HVAC Systems in Airplanes

An airplane or aeroplane (informally plane) is a fixed-wing aircraft that is propelled forward by thrust from a jet engine, propeller, or rocket engine.

HVAC systems are critical for maintaining comfortable temperatures and good air quality for passengers and crew on board an aircraft. The systems are designed to maintain a comfortable cabin environment while the aircraft is at cruising altitude and can also provide fresh air and ventilation when the aircraft is on the ground. There are three main types of HVAC systems used on aircraft:

1. Recirculating: This type of system recirculates cabin air and filters it to remove contaminants.
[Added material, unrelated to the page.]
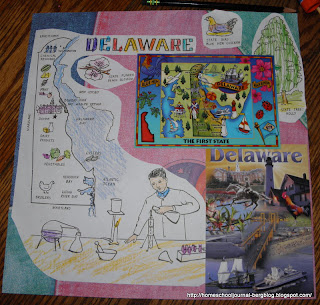 Alex colored in the coloring page for Delaware and made the scrapbook page.

2. 100% Fresh Air: This type of system constantly brings fresh air into the cabin from outside the aircraft.

3. Mixed Mode: This type of system uses a combination of recirculating and fresh air to provide the best air quality and temperature control. HVAC systems are typically controlled by a thermostat and include sensors to monitor temperature, humidity, and air quality. The systems also include filters to remove contaminants from the air.

  • The air is bled off the engines at very high temperatures due to compression 400 F into 2 air packs in the wings close to cabin’s body.

  • The air is cooled by RAM air into heat exchangers from outside air at -65 F.

  • 50% of the air is recirculated & 50% is Fresh air mixed, then filtered with HEPA (high Efficiency Particulate Air) filters.

  • Minimum requirement is 20 CFM (cubic feet / Minute) per person outside fresh air.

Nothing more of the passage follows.